Seton Hall says it will continue in-person instruction for spring semester, will not include a spring break

Seton Hall will again reopen for Hybrid Flexible or “HyFlex” instruction in January, according to an email on Thursday from the Health Information Communication Team (HICT) that outlined testing and quarantine protocols for the spring semester. 

The clarified plans come two months after the University initially announced its intention to continue the HyFlex modality into the spring.

“Caution tape hangs from a tree while the University was briefly converted to an Essex County COVID-19 testing site in November. The University recently announced students would be able to return to campus in the spring amid the pandemic. (Nicholas Kerr/Editor-in-Chief)

Resident students returning to campus from outside of New Jersey, New York, Connecticut, Pennsylvania and Delaware will be required to quarantine for 10 days in their rooms upon arrival. This marks a departure from the fall semester protocols, which required students from certain states to quarantine in dedicated quarantine housing before moving into their regular dorms.

Students returning to campus from states outside of the northeast will have to arrive on campus on Jan. 15 to meet the quarantine guidelines. Residents in quarantine will be able to access campus services, but will not be allowed to leave campus until Jan. 25, according to the email.

Residents arriving on campus from within the region will be able to check into residence halls on Jan. 22, three days before the quarantine period for students from outside the region ends.

All residents will be required to submit a negative COVID-19 test result from a test taken within five days before moving in, the email said. This is another change from the fall semester, when saliva tests were administered on-campus to all residents upon their arrival.

“Due to the need for the test to be completed and results received no more than 5 days prior to arrival on campus, we encourage you to consider taking a rapid test,” the email said.

Rapid antigen tests for COVID-19 produce faster results than polymerase chain reaction (PCR) tests, but are less accurate, according to the Food and Drug Administration (FDA).

“Antigen tests usually provide results diagnosing an active coronavirus infection faster than molecular [PCR] tests, but antigen tests have a higher chance of missing an active infection,” The FDA’s website says. “If an antigen test shows a negative result indicating that you do not have an active coronavirus infection, your health care provider may order a [PCR] test to confirm the result.”

It is currently unclear what the protocol will be for students whose test results do not come back within the five-day window.

Residents who have tested positive for COVID-19 in the 90 days before move-in will not have to get tested again, but will have to provide Health Services evidence of their positive test result. 
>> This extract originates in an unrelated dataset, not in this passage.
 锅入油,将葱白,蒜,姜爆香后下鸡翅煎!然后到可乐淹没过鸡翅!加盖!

Any student who tests positive for COVID-19 before coming to campus must remain at home for 10 days after testing positive.
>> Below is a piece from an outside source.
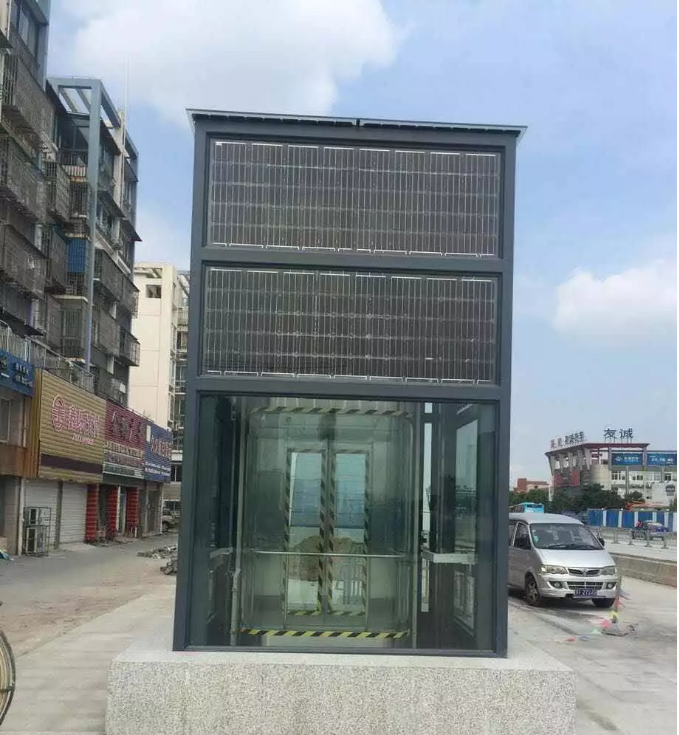 太阳能玻璃幕墙通过采集光能,为电梯供电,从而带动电梯内的照明和换气系統等用电设备。全玻光伏组件采用低透光率设计,为电梯提供更多的电量,同时光伏组件整体与电梯框架格调一致,使整座电梯美丽大方,充分体现了“绿色、环保、节能”的主题。

Health Services, in addition to testing athletes, students in health care clinicals, and student-teachers who require testing, will offer tests to “students with concerns that they are symptomatic and who ask for a level of reassurance when not feeling well, and those who request a test because they are returning home and have concerns about bringing COVID-19 home to their family,” the email said.

Health Services will also continue its random surveillance testing of residents, according to the email.

Like the fall semester, commuters will not have to get tested before coming to campus — which virologist Brian Nichols, an associate professor of biology at Seton Hall who has studied coronaviruses in the past called “a flaw which creates unacceptable risk” in an August interview. 

Health Services will, however, continue to provide surveillance testing for non-residents who ask for it, and will test students up to once per week, according to the HICT email.

In order to prevent students from travelling mid-semester, the HICT email said there would not be a “traditional spring break,” mirroring last semester’s schedule without fall break. 

Classes will still be cancelled from Holy Thursday on April 1, until April 6, the Tuesday after Easter. 


Many other schools have built days off into their schedules, citing burnout and increased stress on students during the pandemic. It is unclear if Seton Hall has any plans to adjust their Spring 2021 calendar similarly.

Other schools in the area, such as Monmouth University, have cancelled classes on specific days in March and April, while other Big East Catholic schools like Providence College, Villanova and Marquette have created “working breaks” and “mental health days” in lieu of spring break.

The reopening plan is subject to change if New Jersey state guidelines are altered, according to the HICT email.

While New Jersey’s state guidelines allow for hybrid learning, the plan comes just after the Departments of Health and Education in Pennsylvania “strongly encouraged” colleges and universities to delay in-person instruction, citing projections that COVID-19 infections will increase in January.

“We are seeing an alarming increase in COVID-19 cases and hospitalizations, and these trends are expected to worsen in January at the time when students normally return to campus,” Acting Secretary of Education Noe Ortega said in a press release on Wednesday. “By delaying students’ return to campus, our institutions of higher learning can help slow the spread of the virus, help businesses to remain open, and protect regional health care systems.”

The HICT acknowledged that they “may need to amend” the plan during the semester.

“The HICT continues to meet weekly, monitoring the ever-changing path of the virus, University and public health statistics, and government guidance,” the email said. “Your health and safety remain paramount in Seton Hall’s planning and actions.”